We have a problem with our Canon P&S. It's a Powershot SD750 "Digital Elph", 7.1MP. Couple days ago, it dropped onto a hard floor - not far or forceful, maybe 18 inches. Landed on the upper back corner, above the LCD screen - behind the flash. And ever since, flash is out. It will focus, the red focusing light comes on & you can see it go on the screen (and hear the motor noise), but if the flash is On it will not fire. No shutter or flash. If I turn the flash off, it works just fine.

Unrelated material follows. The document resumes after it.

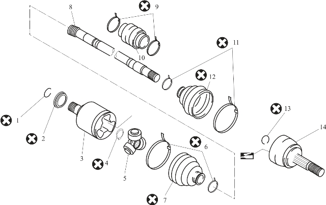 1—环形卡箍;2—防尘罩;3—壳体;4—卡环;5—十字轴组件;6—防尘罩卡箍(变速驱动桥侧);7—防尘罩(变速驱动桥侧);8—驱动轴;9—缓冲器卡箍;10—动态缓冲器;11—防尘罩卡箍(车轮侧);12—防尘罩(车轮侧);13—环形卡箍;14—万向节分总成

Based on what's happened, I'm thinking maybe a wire or capacitor got jarred loose or disconnected, but don't know.
Has anyone dealt with something similar? Is this repairable? Any resources? I'm also Googling, but that's not been especially helpful so far.


----------



## cgipson1 (Mar 28, 2013)

Lot of used ones for sell, in the $25 to $50 dollar range. Probably be cheaper than getting it fixed. Or upgraded to something newer that has more than 7 megapixels? Like this: Amazon.com: Canon PowerShot A2300 IS 16.0 MP Digital Camera with 5x Optizal Image Stabilized Zoom 28mm Wide-Angle Lens with 720p HD Video Recording (Silver): Camera & Photo

Here is the Canon repair site : https://www.usa.canon.com/cusa/consumer?pageKeyCode=onlineRepairLanding


----------



## thomas30 (Apr 1, 2013)

Yes it is repairable, I faced almost similar kind of prob with my Nikon Camera.


----------



## KmH (Apr 1, 2013)

It could also be that the flash tube got broken.


----------